Work request:
Retype the records below exactly as given, but only from the first line through the line with "El modelo Gardenia, es", and without the pictures.

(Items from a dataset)
·····

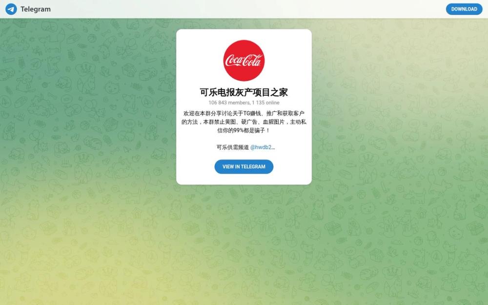 可乐电报灰产项目之家(简称“可乐”)是一个基于 Telegram 的大型交流社区,侧重于在 TG 平台上的变现、流量推广和客户获取等实操内容。该群现有 106,843 名成员、1,135 人在线,配套有供需频道(@hwdb2)和官方大群(@vip1555),为成员提供信息共享、资源对接与合作机会。
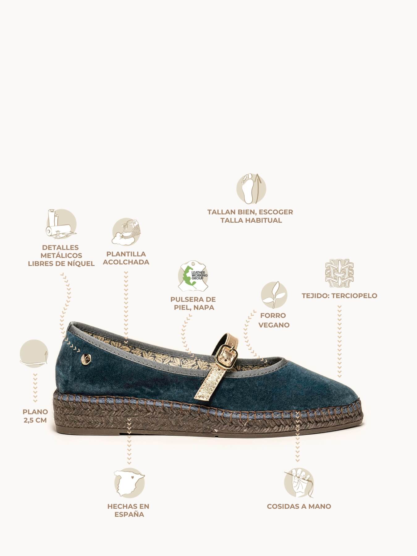 El modelo Gardenia, es nuestra bailarina de terciopelo. La podrás llevar tanto dentro como fuera de casa. Lleva una pequeña pulsera con hebilla para sujetar bien. Su pequeña cuña las hace muy cómodas y gracias a la forma de la punta, verás tu pie super estilizado.
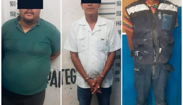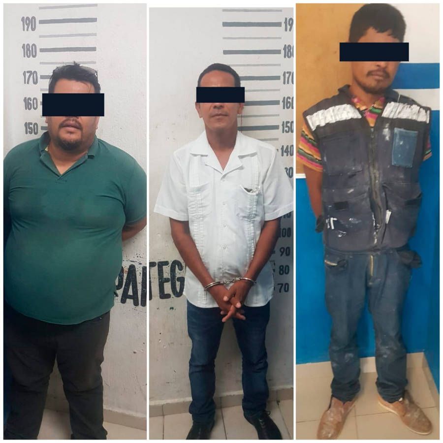 José Erik “N”de 41 años de edad, originario de Veracruz, Wenceslao “N” de 43 años de edad originario de Quintana Roo y Fidel “N” 44 años de edad originario de Veracruz fueron detenidos en avenida Colosio con avenida el Pedregal, del fraccionamiento Galaxia del Carmen 1 por el supuesto delito de extorsión en agravio de A.G.F. de 41 años originario del Estado de México.
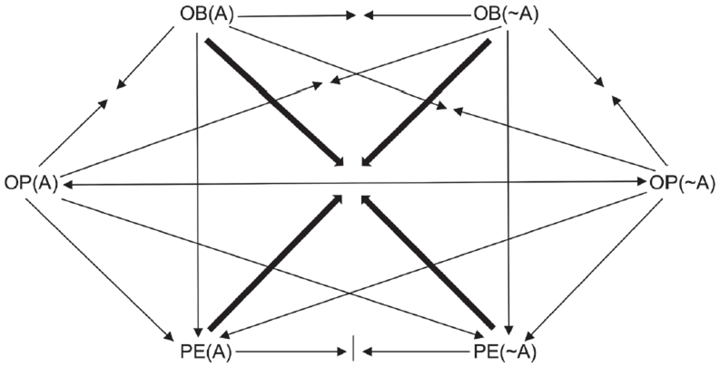 Focus now on the bottom part of the hexagon. Basic even to the most minimal deontic logic is that one is not permitted to do what one is obligated not to do, nor is one permitted not to do something one is obligated to do. Thus, the criss-crossing relations of contradiction (which gave Aristotle’s square of opposition its name) between OB(A) and PE(~A), and between OB(~A) and PE(A).
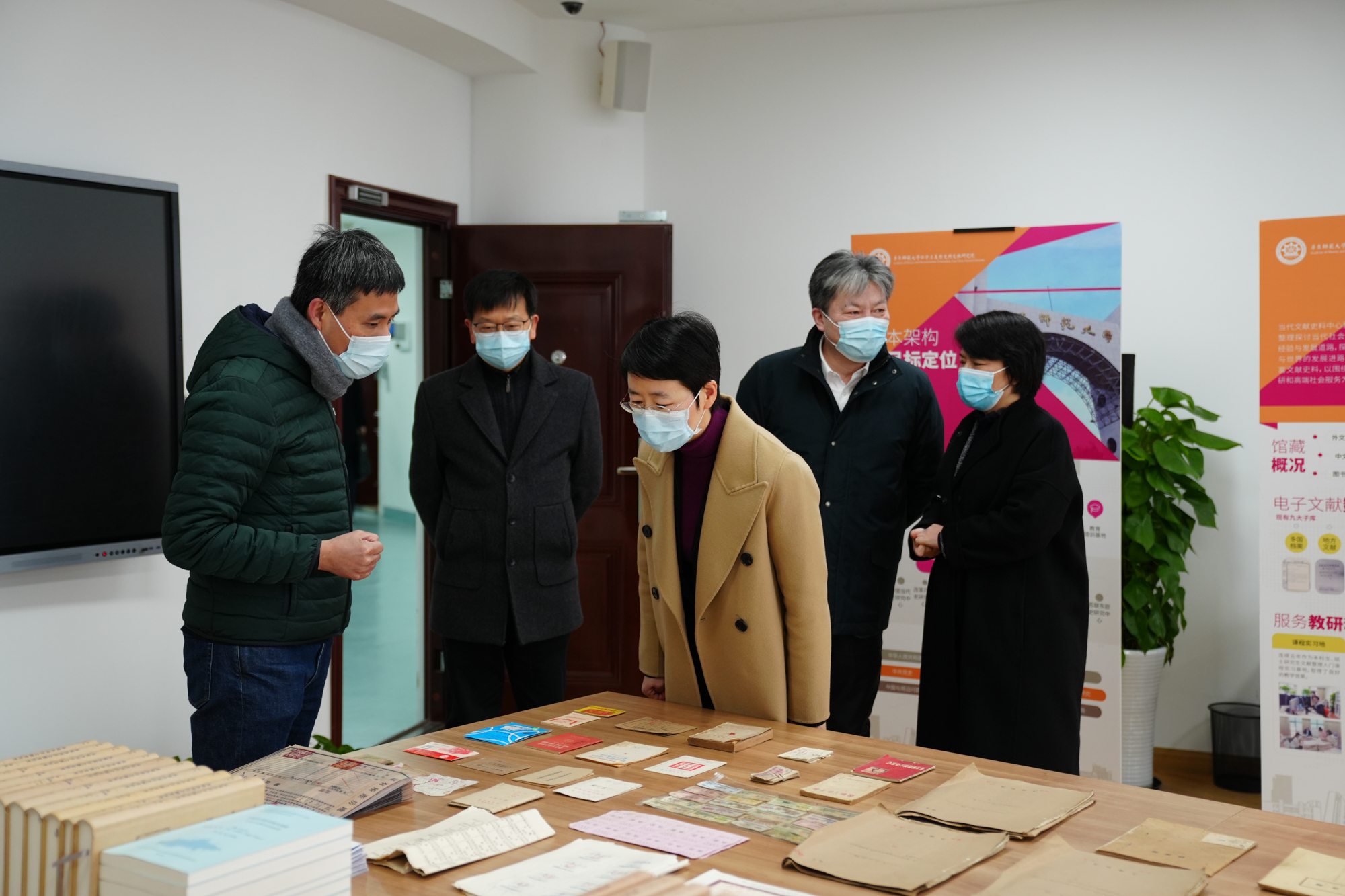 在社会主义历史与文献研究院, 解冬一行观看了冷战时期中外经济史相关史料展出,仔细倾听研究院院长孟钟捷关于馆藏文献以及文献收集、整理与利用情况的介绍。
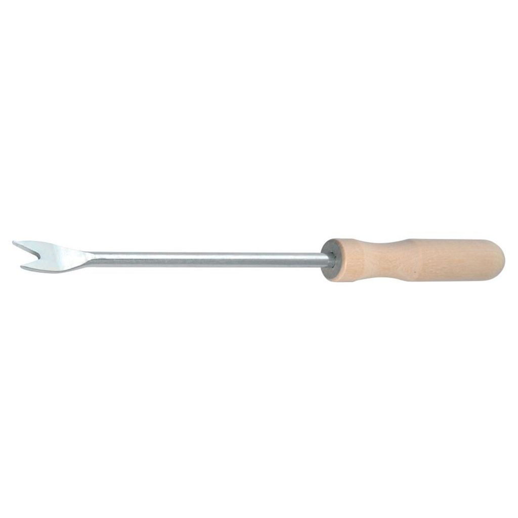 Maskrossticka av zink med trähandtag.
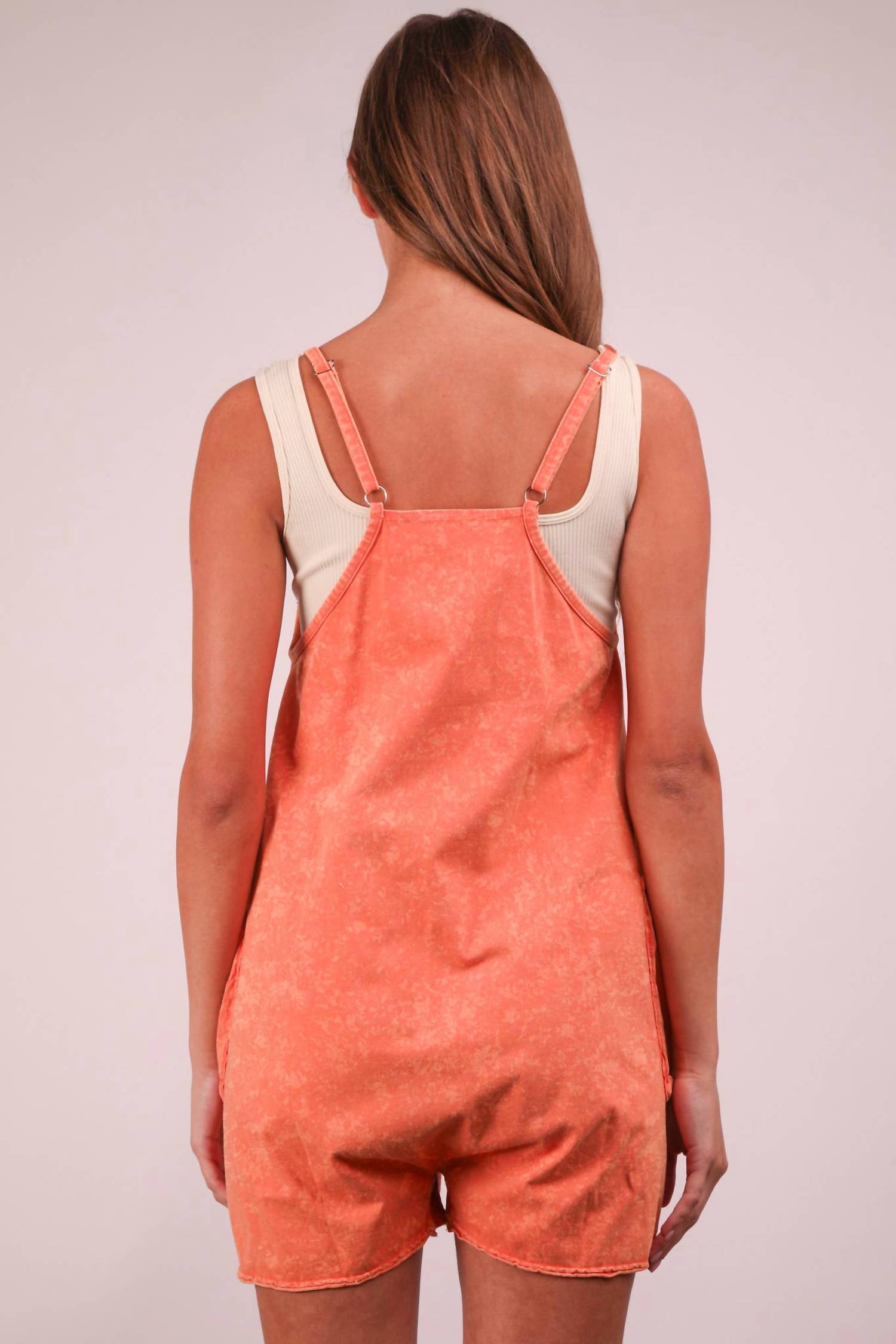 It doesn't take much for this one piece to look effortlessly cool. Add some statement jewelry to dress it up, or throw on some sneakers for a more casual vibe. Elevate your summer wardrobe with the Mineral Washed Sleeveless Casual Knit Romper by VERY J, a perfect choice for vacation and Y2K trends. Designed in a vibrant orange, this relaxed fit romper is crafted from 100% cotton, making it breathable for warm weather. It features a deep V-neck, raw edge detailing, bubble side pockets, and a pull-on closure. Origin: Imported. Care: Hand wash cold. With a short length of 32" and an inseam of 3", it's both stylish and comfortable. Model height: 5'8", wearing a Small.
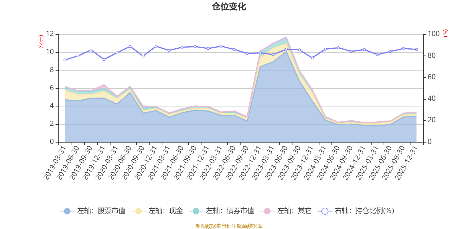据定期报告数据统计,近三年平均股票仓位为84.44%,同类平均为72.57%。2022年一季度末基金达到89%的最高仓位,2019年一季度末最低,为76.26%。
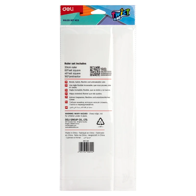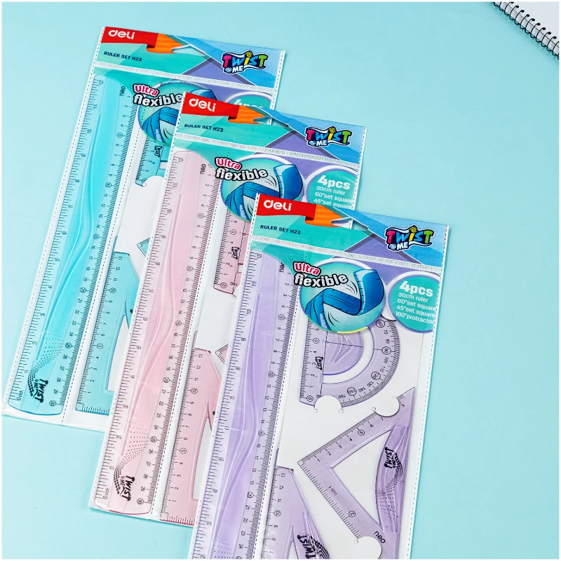 Juego Geometrico 30Cm 4 Piezas Flexible Deli Surtido
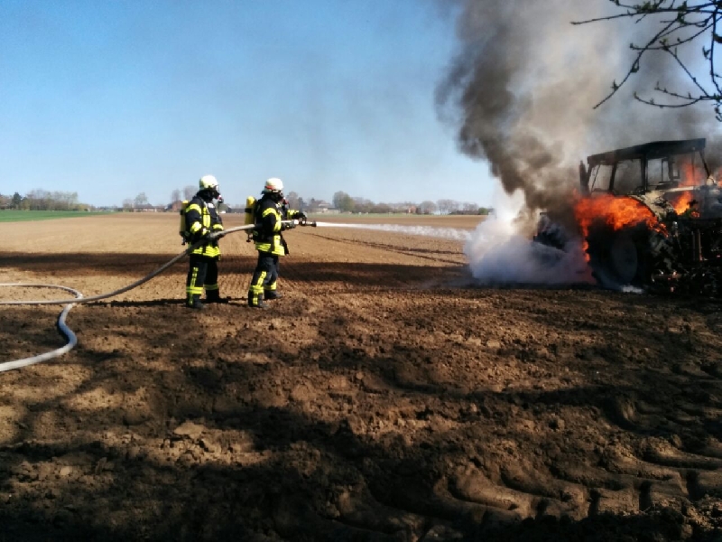 Trecker brennt auf Feld. Beim Eintreffen stand der Trecker bereits in Vollbrand.
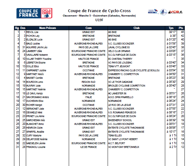 VOIR TOUS LES CLASSEMENTS EN IMAGES
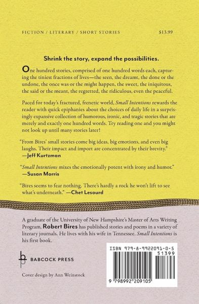 Small Intentions: one hundred stories comprised of one hundred words each, capturing the tiniest fractions of lives-the seen, the dreamt, the done or the undone, the once was or the might happen, the sweet, the iniquitous, the said or the meant, the regretted, the ridiculous, even the peaceful. Like flashes from a strobe, these stories, often with a mor- dant sense of humor, freeze, distort, and illuminate their characters before releasing them back into the larger whole of existence.
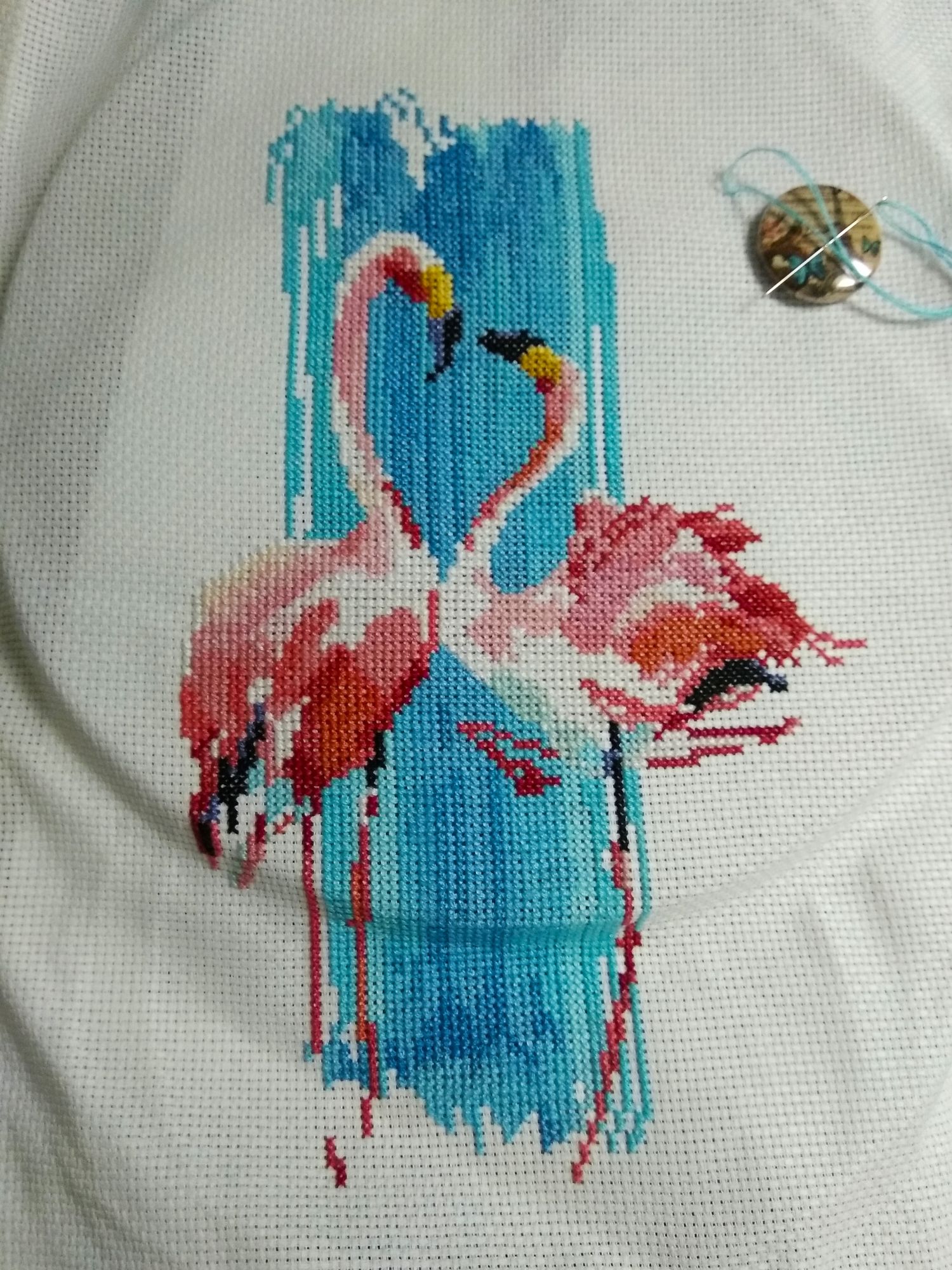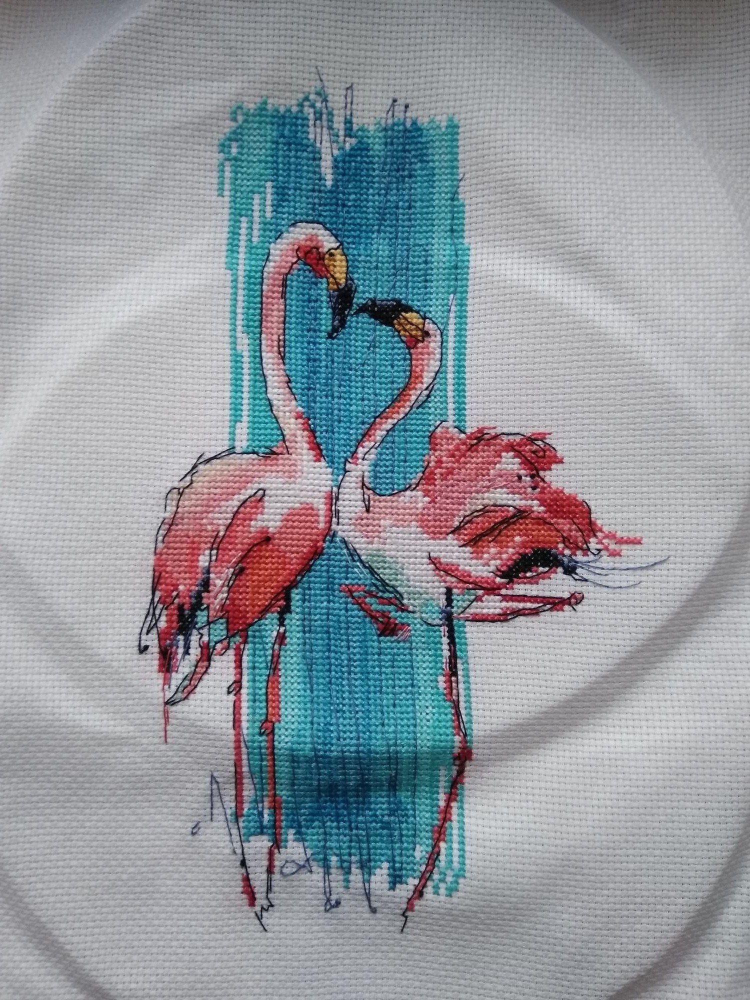 28 сентября 2019 А я пока что могу поделиться продолжением фламинго от Панны. В силу возникших обстоятельств вышиваю пока что их, но уже завтра вернусь к ДИМу) И у меня готова крестиковая часть, без бэка. Бэк здесь несложный, счётный, впрочим, как всегда у Панны. Тем более на Аиде Так что проблем не должен доставить от слова "совсем") Но пока что нет возможности постирать и погладить, так что оставлю это (а возможно, и окончательный дошив) на завтра. Или послезавтра. Уже не загадываю, ибо загад, согласно поговорке, не бывает богат Как получится, в общем. Уже говорила, скажу ещё раз - очень мне нравится цветовая гамма, особенно работа дизайнера с голубыми оттенками. Такие потрясающие переходы цвета, не перестаю ими любоваться. И есть идея оформления - но если её реализую, готовую работу, скажу сразу, не покажу. IrnKA, S4astlivaja, almmatea и 15 других сказали спасибо Поделиться сообщением Ссылка на сообщение

·····

Response area:
 可乐电报灰产项目之家(简称“可乐”)是一个基于 Telegram 的大型交流社区,侧重于在 TG 平台上的变现、流量推广和客户获取等实操内容。该群现有 106,843 名成员、1,135 人在线,配套有供需频道(@hwdb2)和官方大群(@vip1555),为成员提供信息共享、资源对接与合作机会。
 El modelo Gardenia, es nuestra bailarina de terciopelo. La podrás llevar tanto dentro como fuera de casa. Lleva una pequeña pulsera con hebilla para sujetar bien. Su pequeña cuña las hace muy cómodas y gracias a la forma de la punta, verás tu pie super estilizado.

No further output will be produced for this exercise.